Exercise inputs START
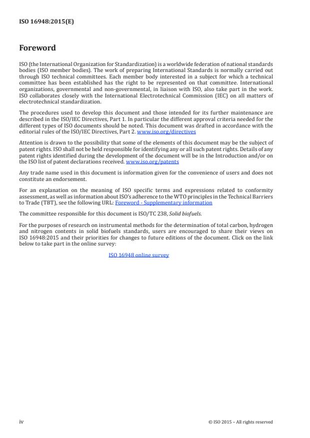 ISO 16948:2015 is a standard published by the International Organization for Standardization (ISO). Its full title is "Solid biofuels - Determination of total content of carbon, hydrogen and nitrogen". This standard covers: ISO 16948:2015 describes a method for the determination of total carbon, hydrogen and nitrogen contents in solid biofuels.
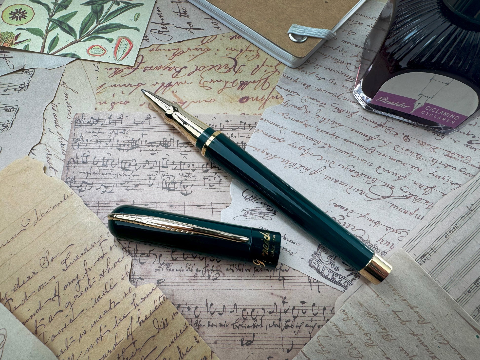 Crafted in the brand’s signature deep green color, Pineider’s distinctive Serpentine Green, Avatar Anniversary showcases every single component Avatar is known for, from the gold finishes to the band decorated with the Pineider logo. Also notice the refined detail of the crest on the end cap, all these details display the mastery and craftsmanship of the brand.
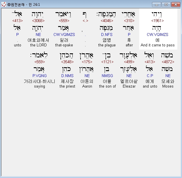 헬라어구약Septuagint,1 και εγενετο μετα την πληγην και ελαλησεν κυριος προς μωυσην και προς ελεαζαρ τον ιερεα λεγων
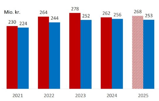 I 2024 var der budgetlagt 256 millioner, men regnskabet endte på 262 millioner. I 2025 er der afsat 253 millioner kroner, men kommunen forventer et forbrug på 268 millioner.
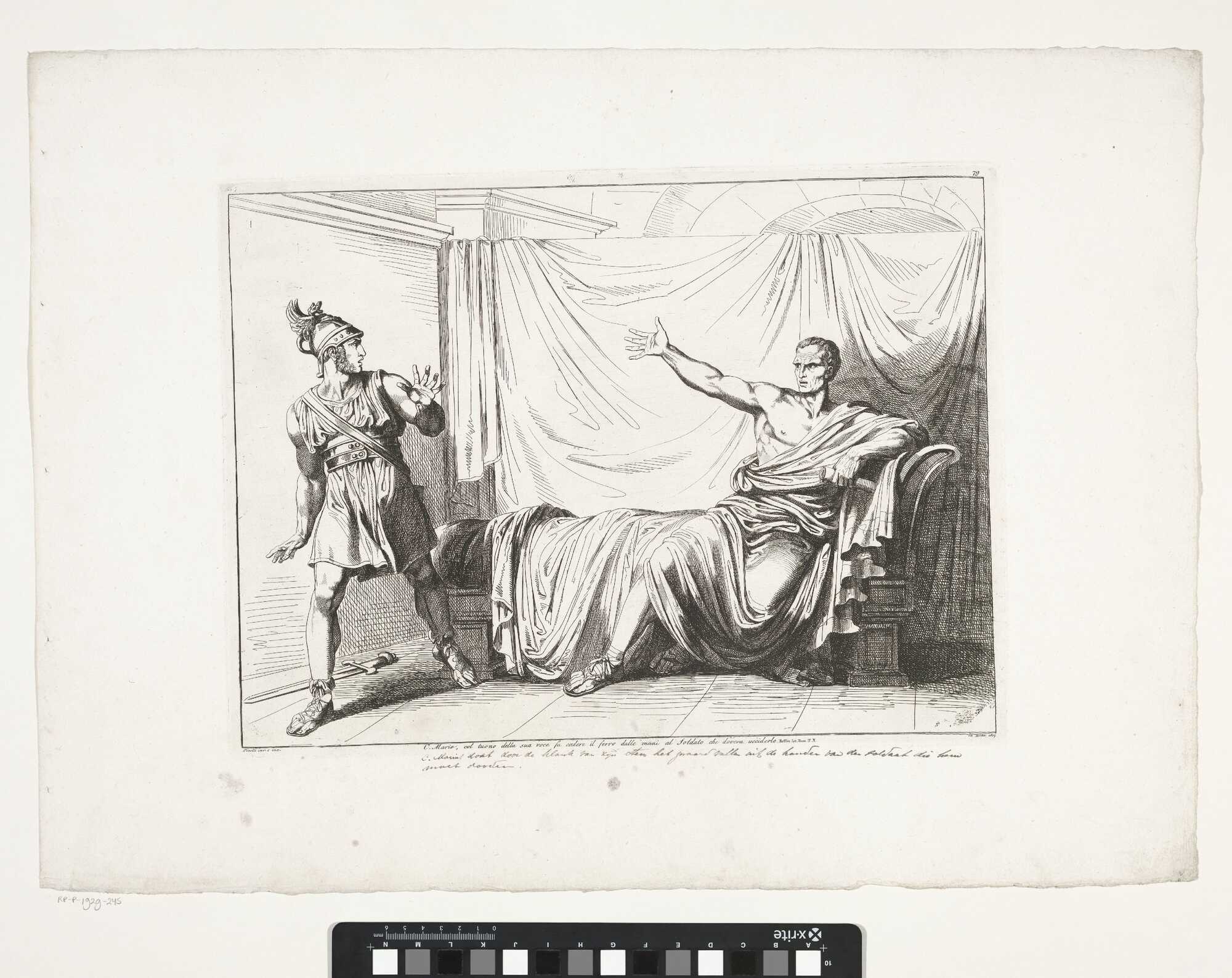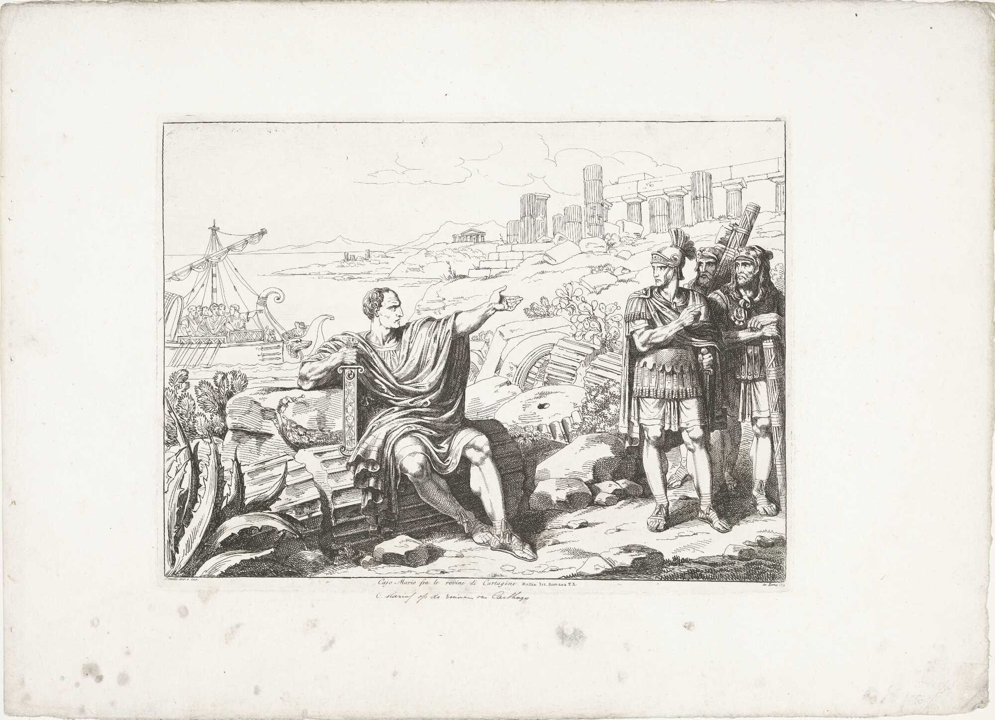 Image #1: Gaius Marius sits on the ruins of Carthage. Image #2: Caius Marius, with the thunder of his voice, drops the sword from the hands of the soldier who was sent to kill him. Public domain
Exercise inputs END
Required action — Write each entry again exactly, minus any images.

Solution for this exercise —
 ISO 16948:2015 is a standard published by the International Organization for Standardization (ISO). Its full title is "Solid biofuels - Determination of total content of carbon, hydrogen and nitrogen". This standard covers: ISO 16948:2015 describes a method for the determination of total carbon, hydrogen and nitrogen contents in solid biofuels.
 Crafted in the brand’s signature deep green color, Pineider’s distinctive Serpentine Green, Avatar Anniversary showcases every single component Avatar is known for, from the gold finishes to the band decorated with the Pineider logo. Also notice the refined detail of the crest on the end cap, all these details display the mastery and craftsmanship of the brand.
 헬라어구약Septuagint,1 και εγενετο μετα την πληγην και ελαλησεν κυριος προς μωυσην και προς ελεαζαρ τον ιερεα λεγων
 I 2024 var der budgetlagt 256 millioner, men regnskabet endte på 262 millioner. I 2025 er der afsat 253 millioner kroner, men kommunen forventer et forbrug på 268 millioner.
 Image #1: Gaius Marius sits on the ruins of Carthage. Image #2: Caius Marius, with the thunder of his voice, drops the sword from the hands of the soldier who was sent to kill him. Public domain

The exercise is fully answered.